On Monday, 48 people were charged with a bank fraud scheme that netted those involved more than $570,000. Most of the money was withdrawn at casinos in Atlantic City.
According to New Jersey Attorney General Robert Lougy, on Monday, the 48 individuals were indicted and charged with racketeering in connection with a scheme to fraud a bank. Allegedly, numerous defendants impersonated individuals that held legitimate business bank accounts in order to steal more than $570,000, withdrawing the majority of the money from Atlantic City casinos, as reported by the Press of Atlantic City.
Lougy said in a statement, that business accounts at JP Morgan Chase Bank were targeted by 48 individuals comprised mostly of New York residents, who allegedly stole the money from 27 business accounts at the bank in two schemes, which were carried out between February 2011 and August 2012. The investigation was initiated after bank investigators noticed that funds were being withdrawn by cash advances at Atlantic City casinos and wire transfer.

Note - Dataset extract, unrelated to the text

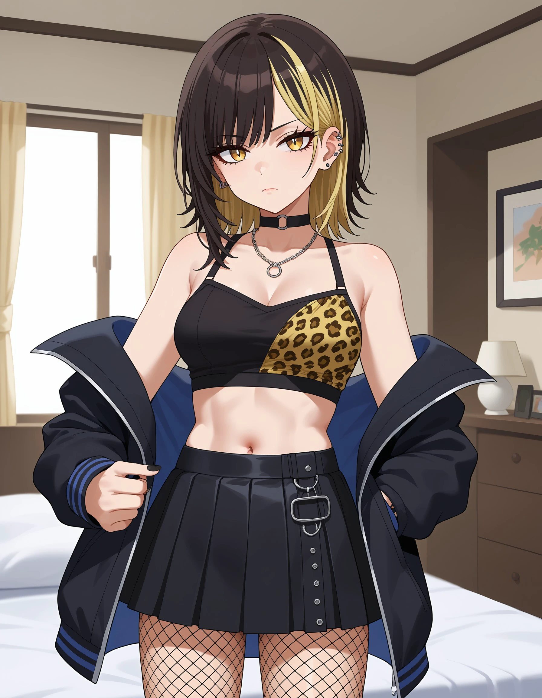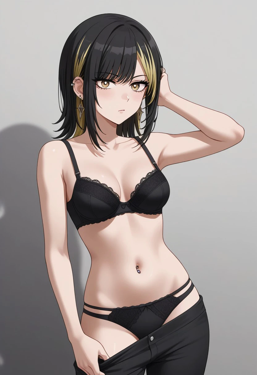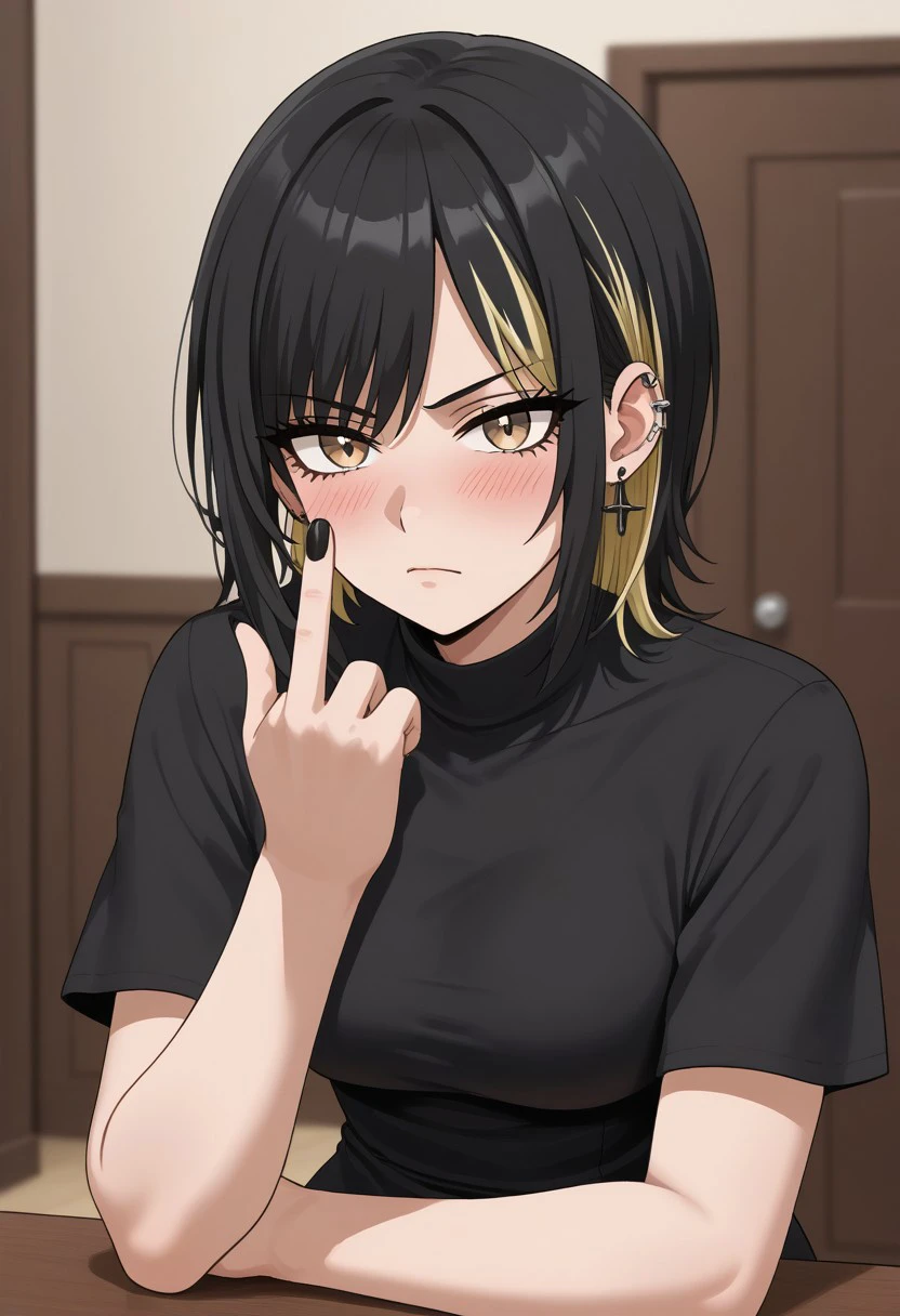 black hair, blonde hair, streaked hair, medium hair
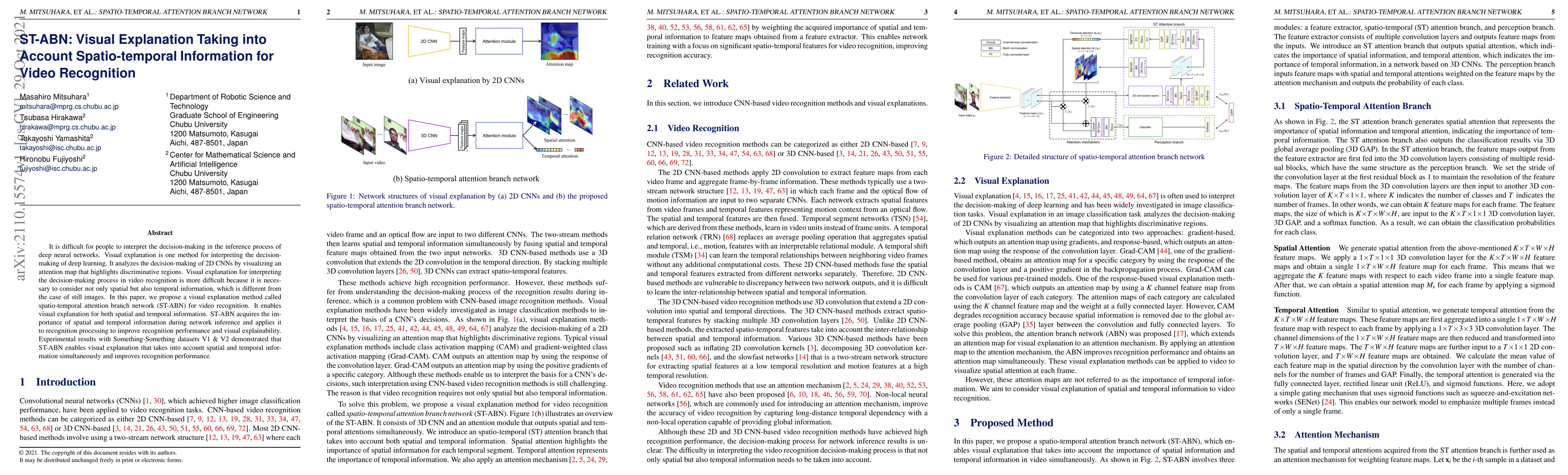 This paper proposes the ST-ABN method for visual explanation in video recognition, integrating both spatial and temporal information to enhance interpretability and recognition performance. Experimental results show that ST-ABN effectively highlights discriminative regions in videos, improving both explainability and accuracy.

Lougy said that in the first scheme, ringleaders Alexandria Smith, 29, of Brooklyn, New York and Andrew Henry, 40, of Bayside, New York, recruited an individual to open a bogus business account with JP Morgan Chase Bank. They referred to this person as “a body,” who would use his or her legitimate name to open the account, which was opened under a fake business name. Another person would then be added as a joint owner of the new bogus account. That person was referred to as the “add-on” who created a link between the legitimate bank account and the fake one.
Once the accounts were successfully linked, the funds were transferred by the leaders from the legitimate account to the fake one, according to Lougy. The funds were then withdrawn from the bogus account by wiring them to Atlantic City casinos to be picked up with credit cards. With the exception of more debit and credit cards used in the process, the second scheme was similar, Lougy said.
He said, “These defendants allegedly carried out two massive identity theft schemes, but they miscalculated in thinking they could hide their large cash withdrawals at the casinos, where such transactions are commonplace,” and that, “Once the bank detected suspicious account activity in Atlantic City, members of the State Police and Division of Criminal Justice who are assigned to the casinos skillfully uncovered these elaborate schemes and charged the perpetrators.”
All 48 individuals could face 10 to 20 years in prison if convicted on the racketeering charge.